Personal information
- Born: October 13, 1999 (age 26) Wantagh, New York, U.S.
- Home town: Holly Springs, North Carolina, U.S.
- Education: Holly Springs High School, Indiana University Bloomington
- Height: 5 ft 9 in (175 cm)
- Weight: 165 lb (75 kg)

Sport
- Country: United States
- Sport: Diving
- College team: Indiana University Bloomington

Medal record
Men's diving
Representing the United States
Olympic Games
| Silver medal – second place | 2020 Tokyo | 3 m synchro |
World Championships
| Bronze medal – third place | 2019 Gwangju | Mixed team |
Pan American Games
| Bronze medal – third place | 2019 Lima | 1 m springboard |
| Bronze medal – third place | 2019 Lima | 3 m synchro |
Representing the Indiana Hoosiers
NCAA Championships
| Gold medal – first place | 2019 Austin | 3 m diving |
| Gold medal – first place | 2021 Greensboro | 3 m diving |
| Gold medal – first place | 2023 Minneapolis | 3 m diving |
| Silver medal – second place | 2022 Atlanta | 1 m diving |
| Silver medal – second place | 2022 Atlanta | 3 m diving |
| Silver medal – second place | 2023 Minneapolis | 1 m diving |
| Bronze medal – third place | 2018 Minneapolis | Platform |

= Andrew Capobianco =

American diver (born 1999)

Andrew Capobianco (/ˌkæpoʊbiˈɑːŋkoʊ/ CAP-oh-bee-AHNG-koh; born October 13, 1999) is an American Olympic diver.

== Career ==
Capobianco attended Holly Springs High School in Holly Springs, North Carolina, where he was a two-time NCHSAA 4A state champion in 1 meter diving.

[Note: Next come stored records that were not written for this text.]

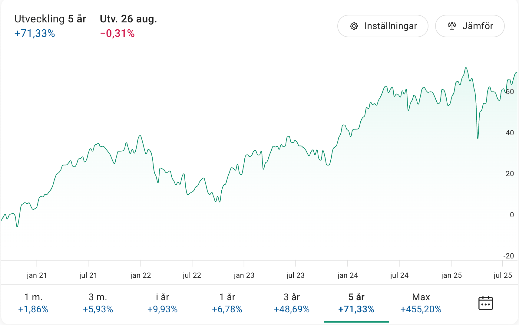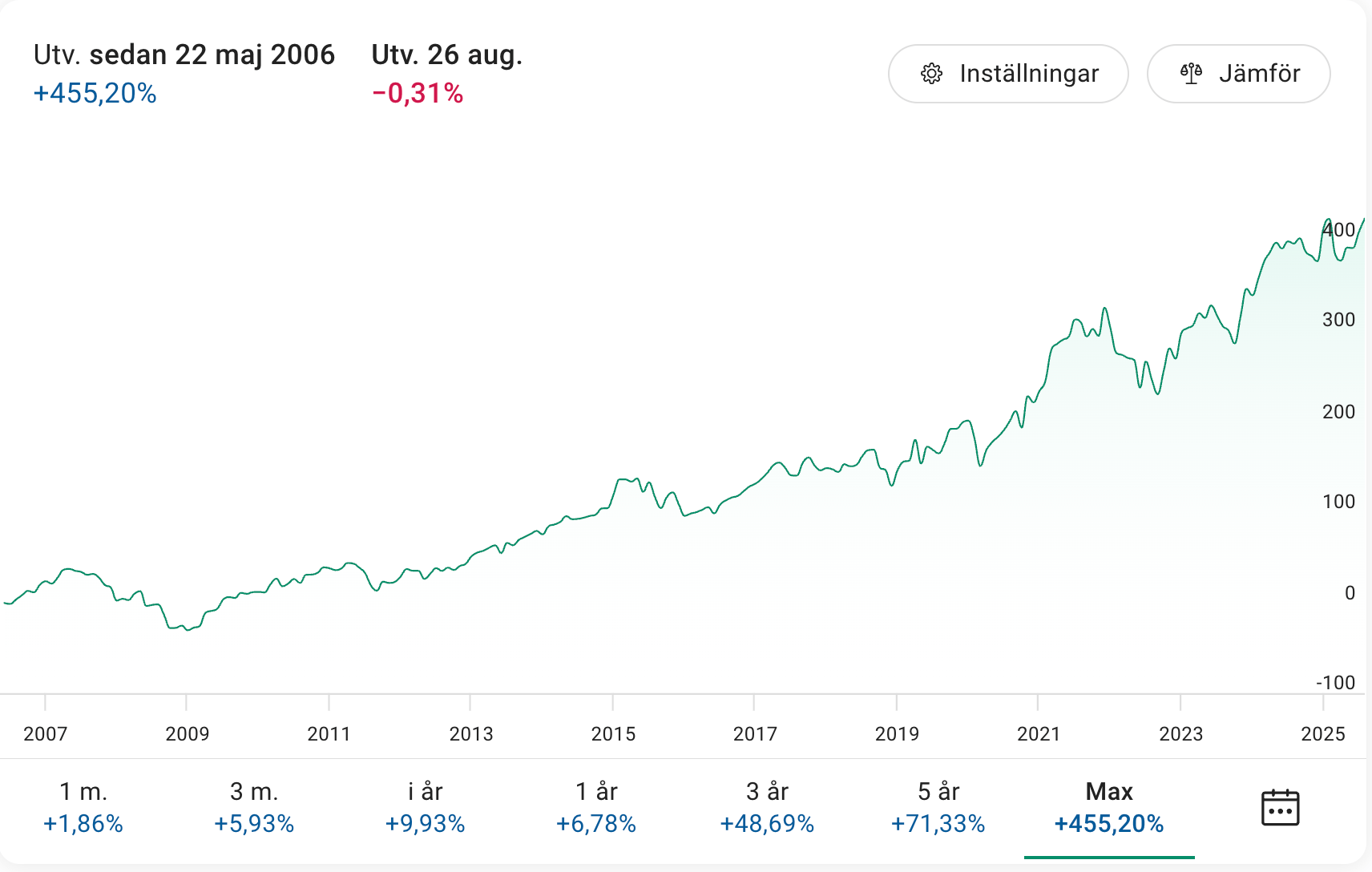 Sedan fondens start 2006 har den levererat en imponerande totalavkastning på drygt 450 % per slutet av augusti 2025. Det innebär att ditt sparade kapital mer än fördubblats flera gånger om sedan starten.
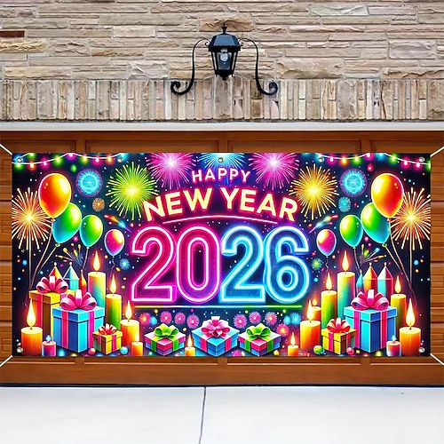 Capodanno arazzo Copertura per porta del garage Grande appeso Buon anno 2026 Fuochi d'artificio Carino 3D Da serata All'aperto Vacanze Sfondi di ripresa Yarda Arredamento per la casa
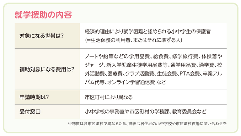 小中学校の子どもがいる世帯で、経済的な理由から学用品や給食費、修学旅行費などの負担が難しいときは、「就学援助」による支援を受けられます。生活保護受給世帯、それに準ずる世帯が対象です。援助される費目や申請時期は各市区町村で異なり、新入学前に必要な費用を支給する自治体もあります。親の失業など家計急変時も利用できます。困ったときは学校や居住地の教育委員会に問い合わせましょう。
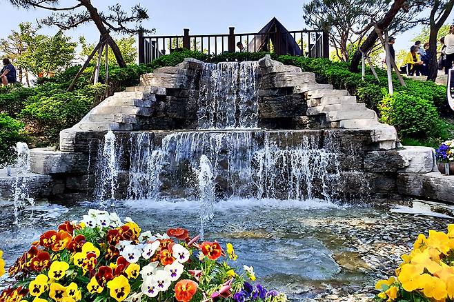 한쪽에는 물빛공원 폭포가 자리하고 있어 여름이면 시원한 물줄기 소리가 공간 전체를 채운다. 아이들을 위한 바닥분수는 작은 테마파크처럼 기능하며 가족 단위 방문객에게 인기다.
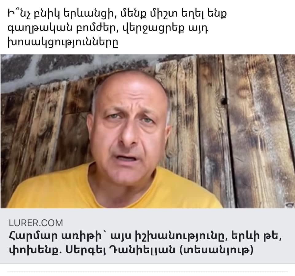 Ըստ Սերգեյ Դանիելյանի՝ հայերը «գաղթական բոմժեր» են։ Հետաքրքիր է որտեղի՞ց ենք գաղթել։ Կարո՞ղ ա Յոժը Ալիեւի կորած եղբայրն է եւ ինքն էլ է Ալիեւի կարծիքին, որ հայերը հիմա ապրում են իրենց պապական հողերի վրա։
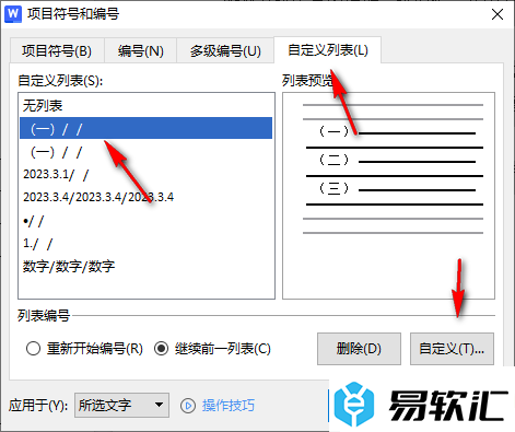 2.在打开的窗口中,我们将【自定义列表】选项点击打开,然后选择左侧的一种编号选项,再点击【自定义】。
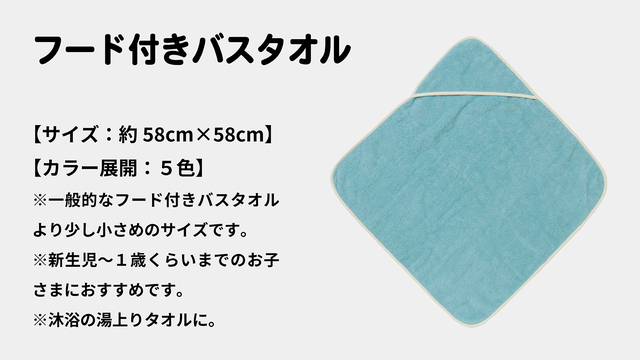 「フード付きバスタオル」は、新生児からの沐浴の湯上りタオルとして便利なアイテムです。出産準備や出産祝いなどにもおすすめです。
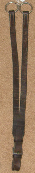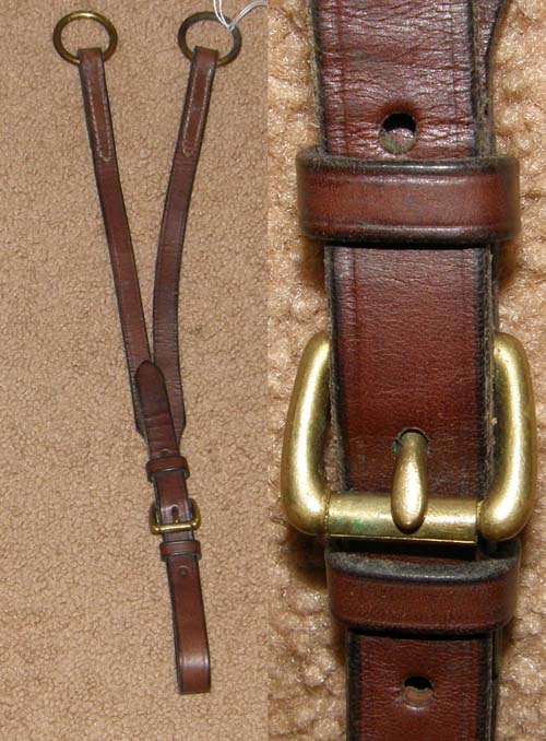 Running Martingale Attachment in flat leather, buckles into any breast plate with a center ring. Approx 18” long on middle hole with 3 factory punched holes, 5/8” wide leather with darkened & scored edges, single brass roller buckle end & brass rings. Leather is soft & lovely. Stamped C on back for Cob.
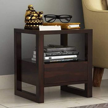 Sheesham Wood Bed Side Table with 1 Drawer & Shelf Storage Wooden Nightstand End Table for Bedroom Home (Walnut)
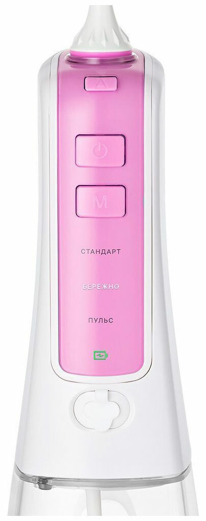 Ирригатор понятен с первых минут, нет нужды танцевать с бубном и инструкцией как часто это бывает. Три режима напора действительно отлично выполняют свои функции. В комплекте две насадки и что не мало важно, еще и чехол для устройства. Также провод для зарядки, важно не потерять его, так как он с разъемом специально для ирригатора. Отдельный лайк за розовый цвет.

He then attended and competed at Indiana University Bloomington, where he earned NCAA All-American honors twelve-times and NCAA national champion honors three times.

He participated at the 2019 World Aquatics Championships, winning a bronze medal.

In 2021, he qualified with his diving partner Michael Hixon for the U.S. Olympic Diving Team, to compete in the men's synchronised 3m springboard. Later during the Olympic Trials, he also qualified for the 2020 Summer Olympics in Tokyo in the Individual 3m dive.

At the Tokyo Summer Olympics, Capobianco and Hixon won the silver medal in the men's synchronised 3m springboard, while Capobianco finished 10th out of 12 divers in the finals of the individual 3m springboard, from an original field of 29 in the competition.